Maldição hereditária, quebra de maldição, maldição do nome e
congêneres são expressões de um modismo teológico: bênção e maldição.
Conversei com alguns adeptos deste pensamento, li dois livros e artigos
sobre o assunto. Surpreendi-me com o uso fragmentário e inadequado da
Bíblia e com os conceitos tão radicais e tão frágeis.
Um dos livros
mais difundidos sobre o assunto, talvez pelo tamanho, pequeno, e fácil de
ler, é Bênção e Maldição, de Jorge Linhares . Sobre ele, respeitosamente,
desejo alinhavar algumas idéias. Não pretendo desancar o autor, que tem
seu espaço no reino de Deus e deve ser um servo útil. Não desejo invalidar
sua vida cristã, mas analisar algumas idéias que ele expende, e que
vasaram do seu âmbito para o nosso arraial.
"Maldição é a
autorização dada ao diabo por alguém que exerce autoridade sobre outrem,
para causar dano à vida do amaldiçoado". Esta é a definição encontrada no
livro (p. 16). Uma definição precisa ser sustentável. Deve ser coerente,
concisa e resistir a análise. De onde veio esta? O Diabo precisa de
autorização humana para causar dano a alguém? No livro, o autor mostra
pessoas que não tinham autoridade sobre uma terceira, amaldiçoando-a.

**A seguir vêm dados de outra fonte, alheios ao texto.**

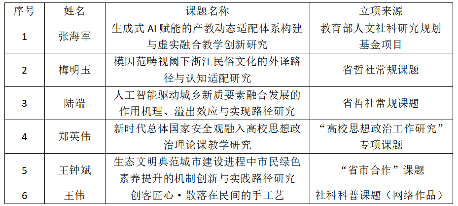 近日,教育部社会科学司和浙江省哲学社会科学规划办公布2025-2026年度多项立项名单,我校6项课题获批立项,覆盖常规课题、思政专项课题、省市合作课题、社科科普课题等多个类别,立项数量实现历史性突破。
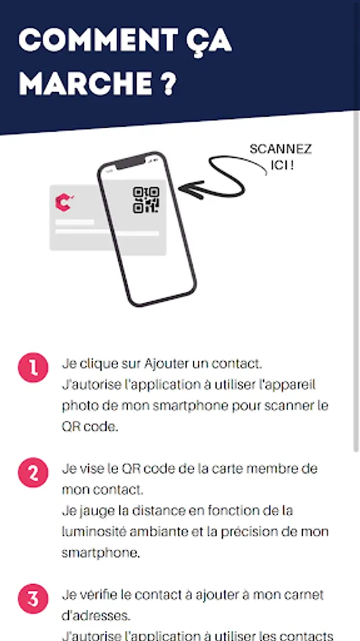 This tool allows a simple scan of the member card to add the contact to his address book.
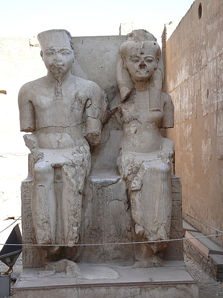 Statua colossale che rappresenta Tutankhamon e Ankhesenamon nelle vesti degli dèi Amon e Mut. Successivamente usurpata da Horemheb. Tempio di Luxor.Da Wikipedia.
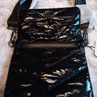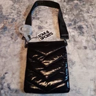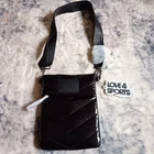 NWT This Love & Sports Olivia Crossbody Bag is perfect for travel or casual occasions. With a width of 7 inches, a height of 9 inches, and a depth of 7 inches, it's a small but practical size. The bag features a magnetic and snap closure, a detachable strap, and is made of man-made material with a black chevron pattern. It is like a puffy coat in purse form! The bag is water-resistant, lightweight, and has a padded interior with inner pockets for added organization. It also has an adjustable crossbody strap for comfortable and convenient carrying. The hardware is made of stainless steel and the bag is lined with black fabric. This bag is a great addition to any collection.
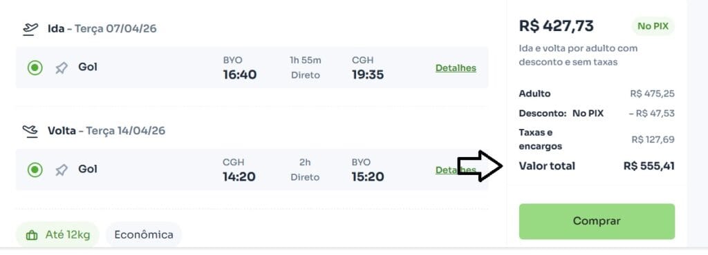 Na promoção da Gol tem voo direto de Campo Grande para o Aeroporto de Guarulhos, em São Paulo, pelo valor de R$ 587. Também tem promoção de Corumbá para Campinas nos voos diretos da Azul que serão retomados em março de 2026. As passagens aéreas de ida e volta que estavam sendo vendidas por R$ 731 agora custam R$ 591.
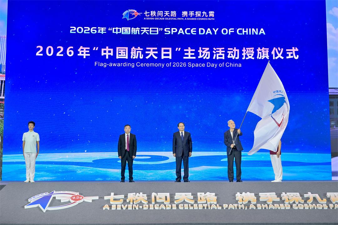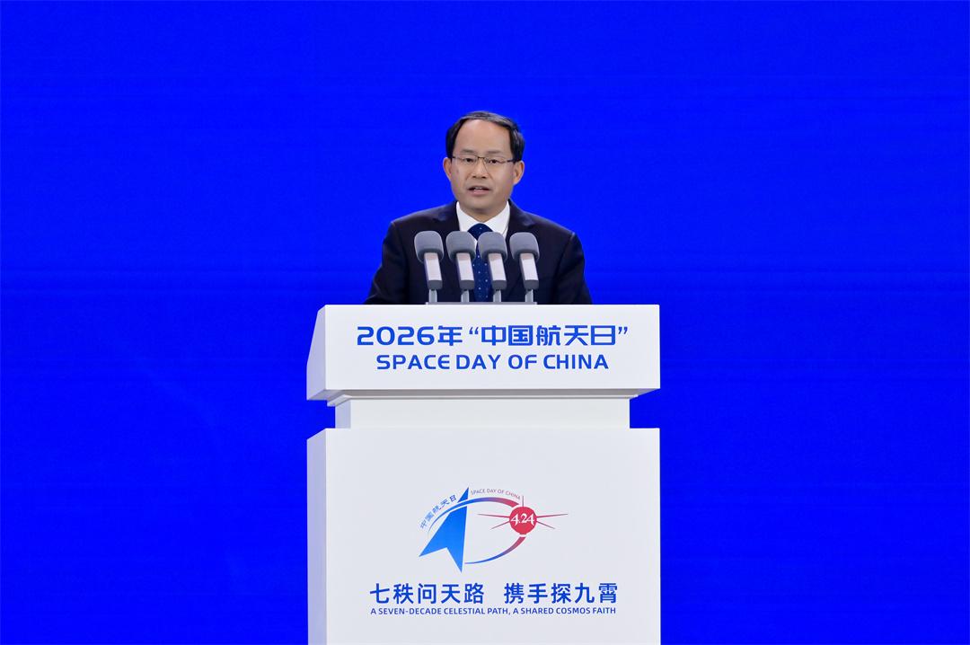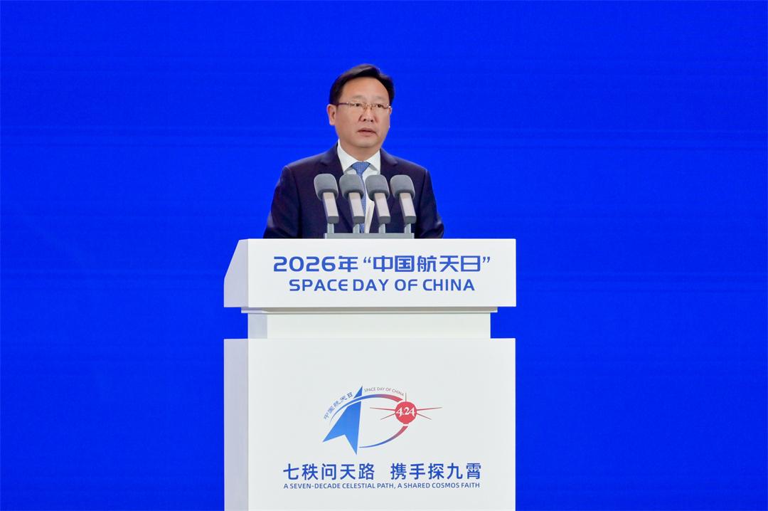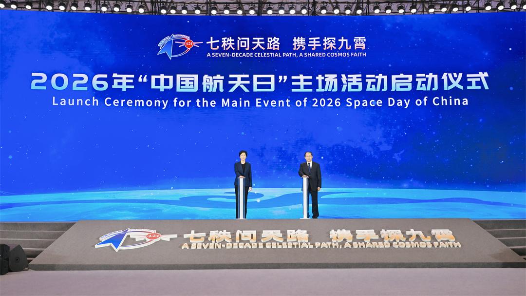 图为四川省委副书记、省长施小琳与工业和信息化部副部长、国家航天局局长单忠德共同启动2026年“中国航天日”主场活动。
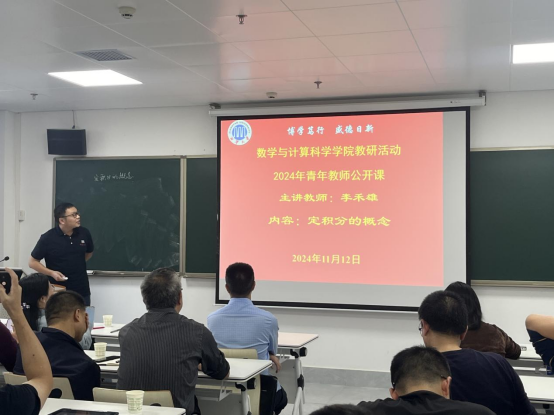 随后,A片直播网 新进教师熊杭、时健康、司伟、李禾雄分别进行了主题为“定积分的概念”、“Fermat引理”的教学公开课展示,各专家与青年教师代表们针对各位新进老师的教学展示进行了热烈讨论和充分交流。

Esposas que não tinham autoridade sobre os marido, amaldiçoam-nos (ps. 10
e 26) e acontece o que foi dito.
Há maldições do próprio Deus
(particularmente Deuteronômio 28.15 em diante). Deus não está dando uma
autorização ao Diabo, mas julgando alguém. A ação é dele. Basta ler o
texto bíblico.
Boa parte da argumentação do livro repousa sobre
experiências. Isto é um perigo. Alegar que um rapaz é homossexual porque
seu pai o amaldiçoou, chamando-o de "mulherzinha" (p. 29) pode fazer o
deleite de alguns psicólogos, mas tira toda a responsabilidade pessoal do
jovem. Houve uma opção. Colocar a culpa de nossos atos errados e de nossas
escolhas mal feitas em palavras ditas por alguém é cair na
irresponsabilidade moral. Tomamos decisões, somos responsáveis pelo que
fazemos. A culpa é nossa. Quando acertamos, o mérito é nosso. Há valor
moral no que fizemos.
Muitos dos casos alistados no livro nada
provam. São genéricos e, na estrutura da argumentação, acabam sendo a
prova do que deveriam ilustrar. Em Comunicação chama-se a isso de
"ignorância da questão ou falsa causa". Uma citação de Garcia: "Se, à
noite, cruzo com um gato preto na rua, e logo adiante tropeço e caio e
admito que a causa da minha queda foi o encontro com o felino, estou
raciocinando por indução, sim, mas incidindo em erro, ao crer que o que
vem antes é a causa do que ocorre depois: post hoc ergo propter hoc
("depois disso, logo, por causa disso") .Mais à frente, diz-nos o mesmo
autor: "...os fenômenos de natureza espiritual, social, política, e até
econômica (estudados pelas ciências humanas) não podem ser atribuídos a
uma causa única mas a um complexo delas, nem sempre identificáveis porque
nem sempre constituem fatos materiais mensuráveis ou ponderáveis. Daí
porque decorrem muitas generalizações falsas ou parcialmente falsas"
.
Caracterizar o homossexualismo de um jovem como produto de uma
palavra impensada dita por um pai, é um exagero. A opção homossexual foi
uma maldição verbal? Dizer que um homem se tornou impotente porque sua
mulher zombou de sua virilidade pode ter alguma base psicológica, mas daí
a dizer que foi uma maldição, ou seja, uma permissão que a mulher deu a
Satanás para tornar o homem impotente, vai um exagero. Vim de uma família
com pouca instrução acadêmica. Quando criança, era o que se chamava de
"traça de livro". Sempre retirava livros da Biblioteca da Escola 10-14
Ceará, em Inhaúma, no Rio (um por dia). Meus pais gostavam, mas sempre
diziam: "Isso é agora, mais tarde arranja namorada e pára de estudar".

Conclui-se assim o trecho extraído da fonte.